● The data:

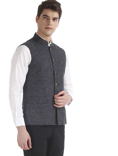 - » navy blue solid nehru jacket
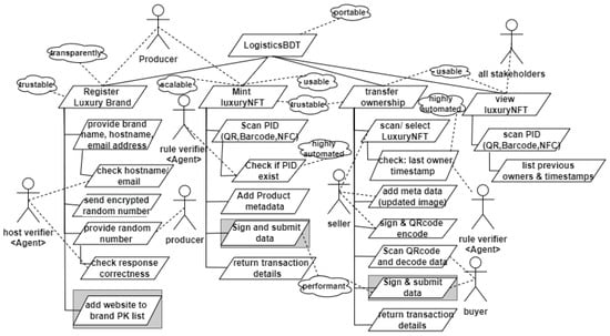 The main functional requirements of the LogisticsBDT application that describes the value propositions in authenticating and verifying luxury products include: register the brand, mint luxury NFT, transfer luxury NFT, and view luxury NFT. These main functions are refined into subfunctions as shown in Figure 3 and further described below. Software properties that describe the non-functional requirement of the system and the agents that execute the system functions are attached to the listed functions following the inheritance rule. The greyed functions represent the functions when executed, and results in a status change of the blockchain.
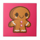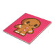 A cute illustration of a brown gingerbread man cookie. Soft pink buttons and squiggly frosting accents on his arms and legs. A festive and fun theme for the christmas holiday season.
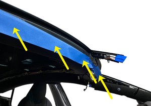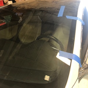 沿着玻璃上角处的挡风玻璃对齐标识对齐,从一个角落开始,一英寸一英寸地贴上胶带,以确保安装位置合适
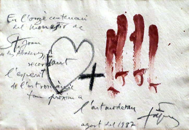 Homenatge al monestir amb motiu de l'onzè centenari. Antoni Tàpies. Tècnica mixta sobre paper. 1987
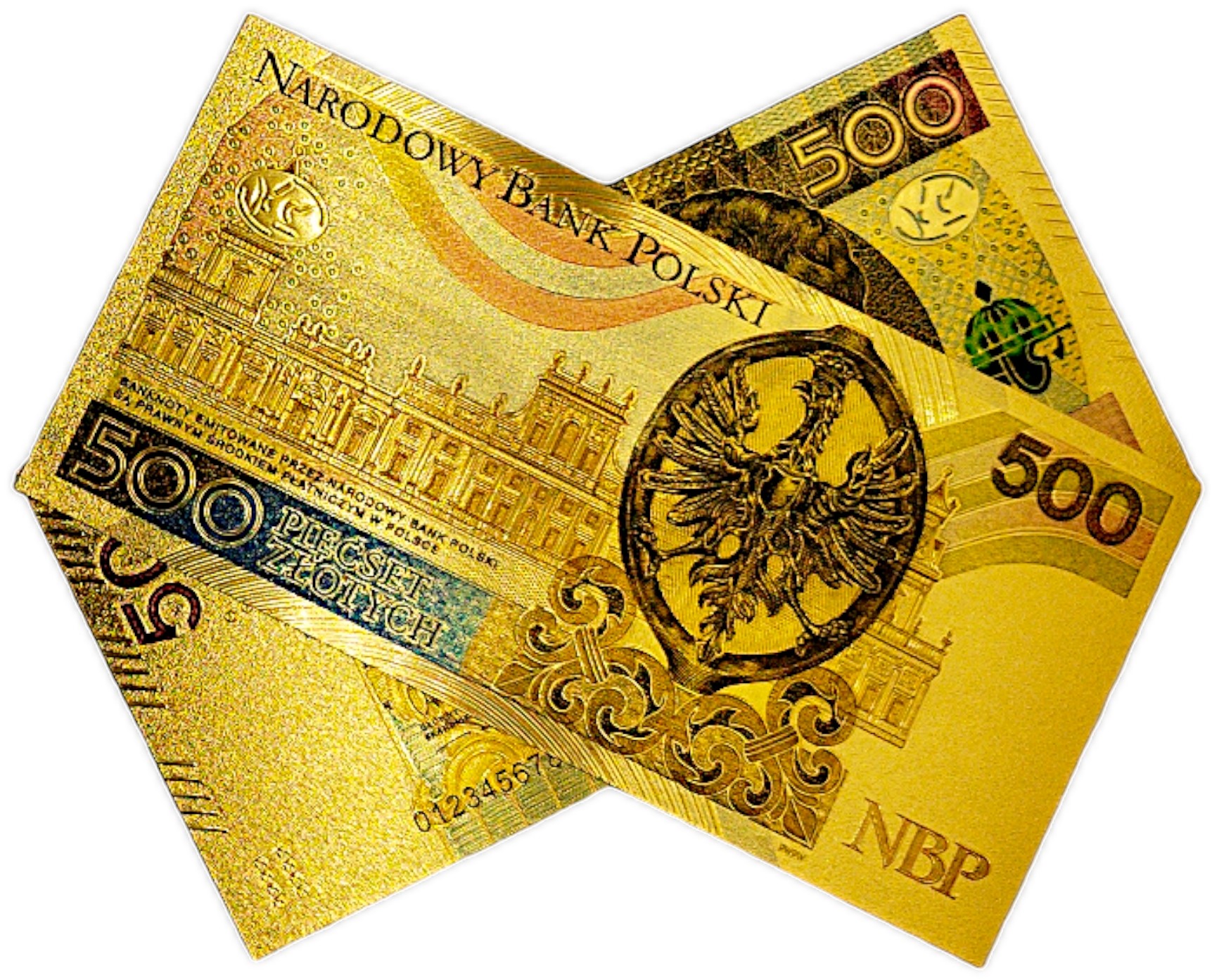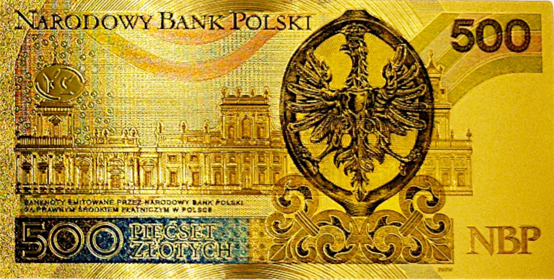 Красивая копия польской банкноты самого высокого достоинства, изготовленная из ПВХ и покрытая золотой фольгой.
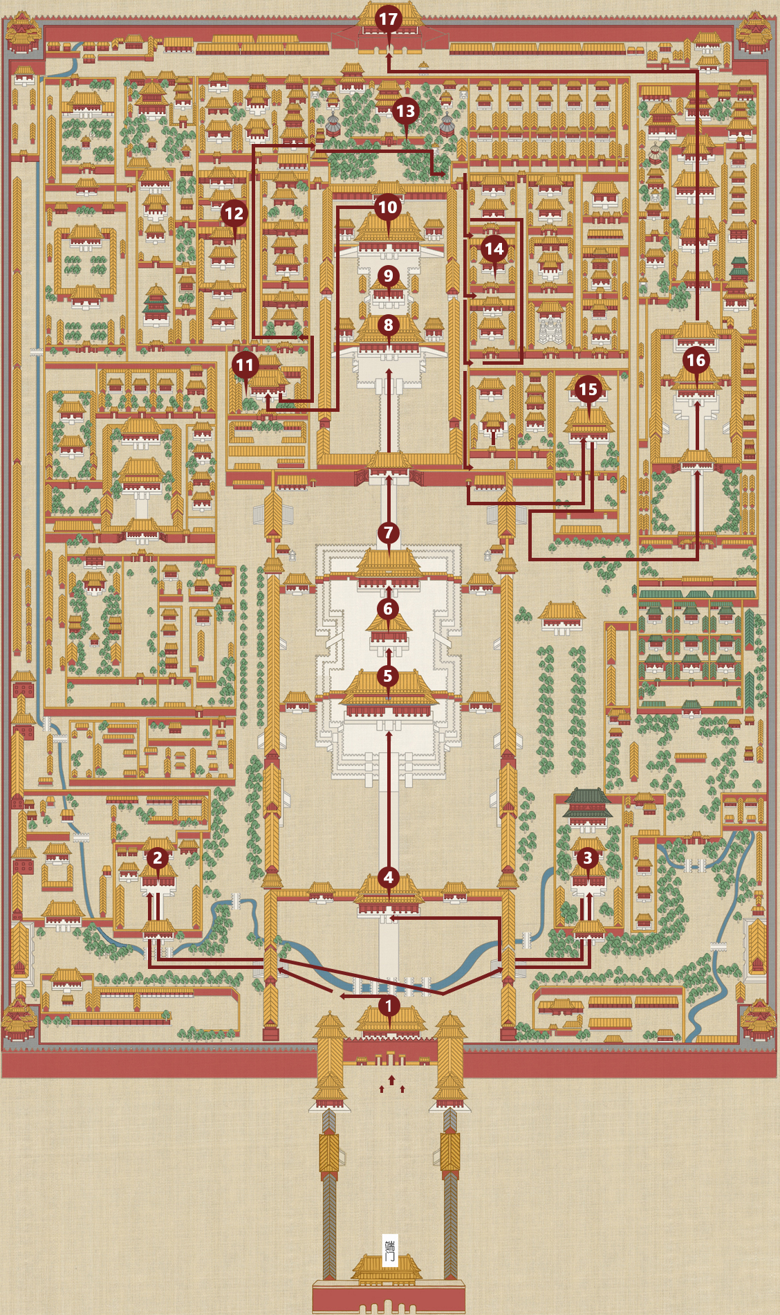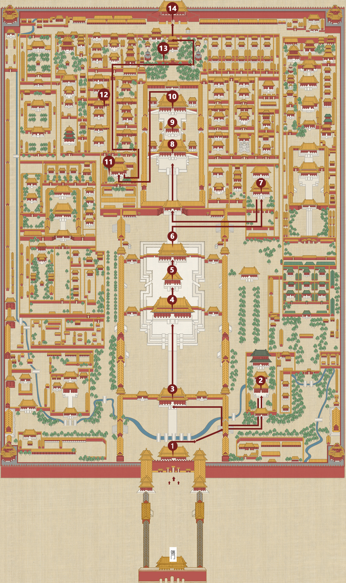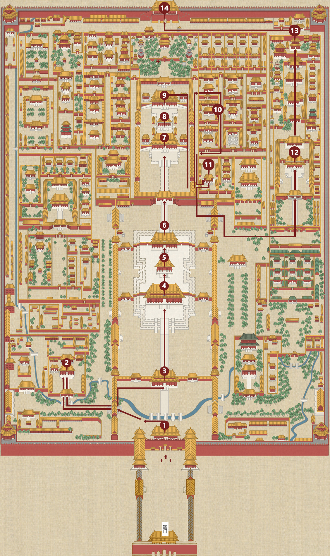 1. Meridian Gate (Wu men) 2. Hall of Martial Valor (Wuying dian) 3. Gate of Supreme Harmony (Taihe men) 4. Hall of Supreme Harmony (Taihe dian) 5. Hall of Middle Harmony (Zhonghe dian) 6. Hall of Preserving Harmony (Baohe dian) 7. Palace of Heavenly Purity (Qianqing gong) 8. Hall of Union (Jiaotai dian) 9. Palace of Earthly Tranquility (Kunning gong) 10. Eastern Six Palaces 11. Hall for Abstinence (Zhai gong) 12. Front Halls of the Palace of Tranquil Longevity 13. Rear Halls of the Palace of Tranquil Longevity 14. Gate of Divine Prowess (Shenwu men)
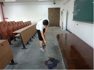 上午9点,参与的同学们自带工具来到南华楼开展大扫除活动。大家活力充沛,只愿把干净整洁的教室带给同学们。
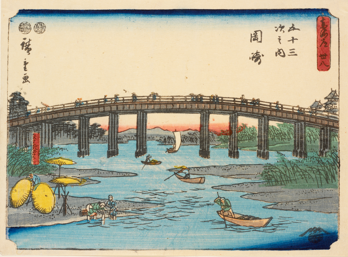Viewing Sunset over Ryōgoku Bridge from the Ommaya Embankment (Onmayagashi yori Ryōgokubashi no sekiyō o miru), Edo (Japanese period)
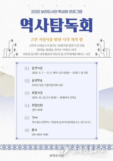 경제인투데이 류현민 기자 | 용인특례시 보라도서관은 오는 11월 7일부터 12월 5일까지 고전 인문학 프로그램으로 ‘2025 역사 탐독회’를 운영한다고 21일 밝혔다.

● What is needed: Could you reproduce exactly, and only, the lines from the one containing "上午9点,参与的同学们自带工" through the end of the records above, both included, while leaving out the pictures?

● Response:
 上午9点,参与的同学们自带工具来到南华楼开展大扫除活动。大家活力充沛,只愿把干净整洁的教室带给同学们。
Viewing Sunset over Ryōgoku Bridge from the Ommaya Embankment (Onmayagashi yori Ryōgokubashi no sekiyō o miru), Edo (Japanese period)
 경제인투데이 류현민 기자 | 용인특례시 보라도서관은 오는 11월 7일부터 12월 5일까지 고전 인문학 프로그램으로 ‘2025 역사 탐독회’를 운영한다고 21일 밝혔다.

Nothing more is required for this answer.